In your copy, leave out the pictures and reproduce the listing below exactly.

Supplied information:
=== Begin Enclosure ===
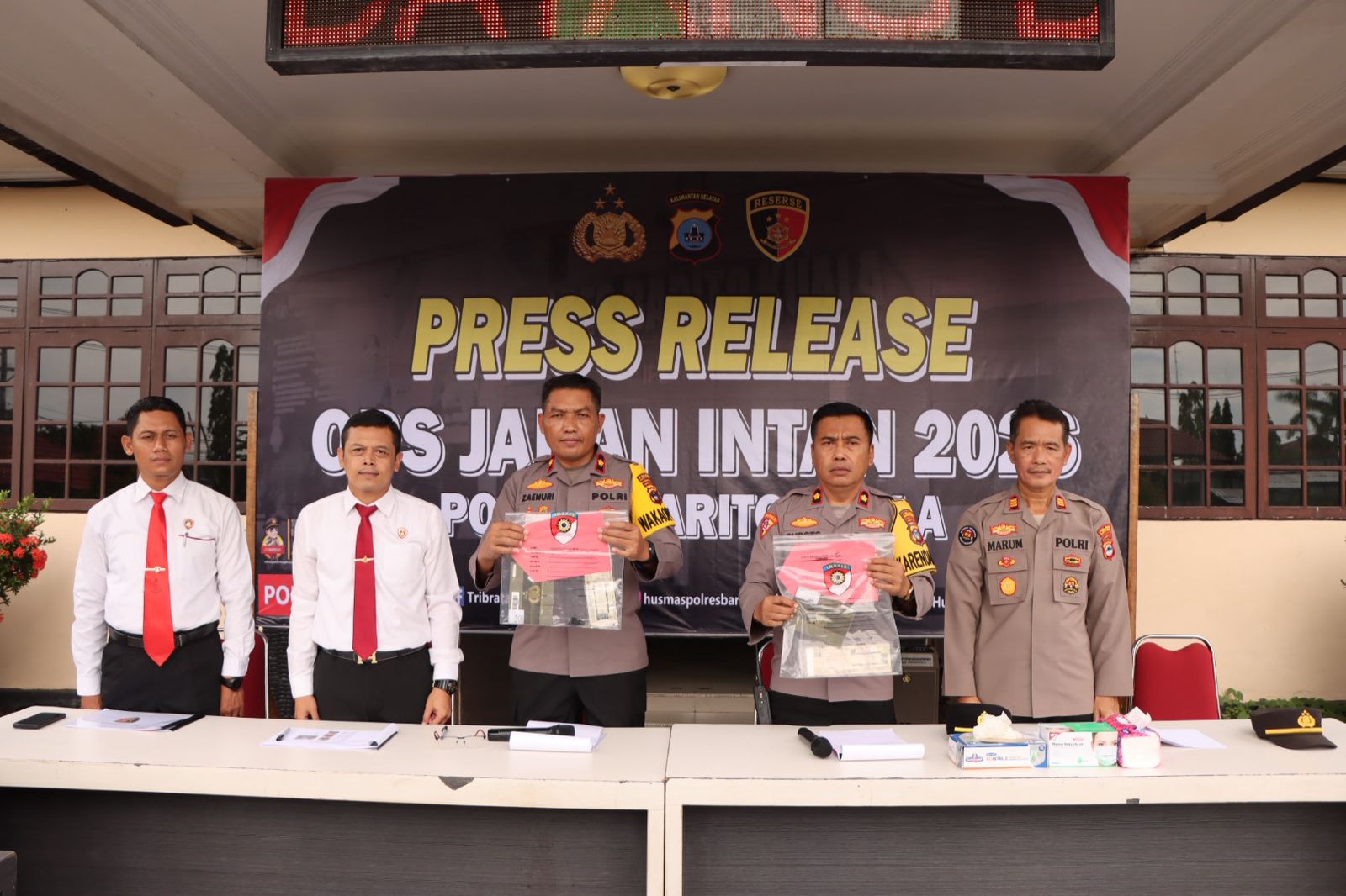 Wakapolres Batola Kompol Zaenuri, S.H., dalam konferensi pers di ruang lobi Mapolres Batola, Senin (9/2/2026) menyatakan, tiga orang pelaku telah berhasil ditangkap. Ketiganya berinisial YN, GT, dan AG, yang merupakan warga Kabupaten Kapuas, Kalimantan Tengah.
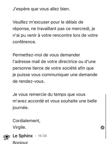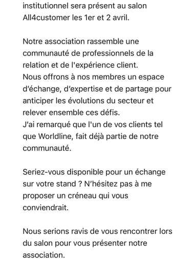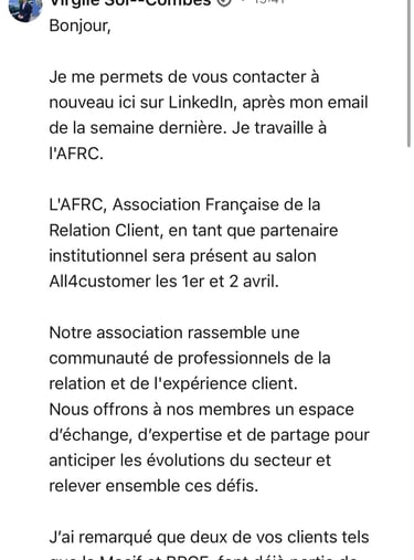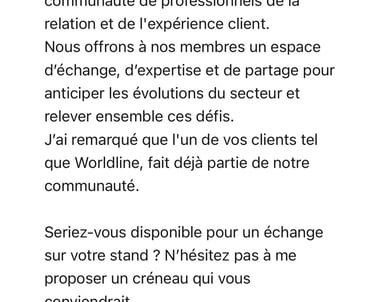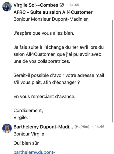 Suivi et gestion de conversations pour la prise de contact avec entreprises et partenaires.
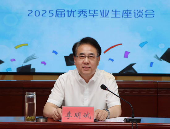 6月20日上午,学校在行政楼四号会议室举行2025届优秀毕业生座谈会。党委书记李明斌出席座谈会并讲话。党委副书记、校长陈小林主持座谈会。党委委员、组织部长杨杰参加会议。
=== End Enclosure ===
Exercise solution:
 Wakapolres Batola Kompol Zaenuri, S.H., dalam konferensi pers di ruang lobi Mapolres Batola, Senin (9/2/2026) menyatakan, tiga orang pelaku telah berhasil ditangkap. Ketiganya berinisial YN, GT, dan AG, yang merupakan warga Kabupaten Kapuas, Kalimantan Tengah.
 Suivi et gestion de conversations pour la prise de contact avec entreprises et partenaires.
 6月20日上午,学校在行政楼四号会议室举行2025届优秀毕业生座谈会。党委书记李明斌出席座谈会并讲话。党委副书记、校长陈小林主持座谈会。党委委员、组织部长杨杰参加会议。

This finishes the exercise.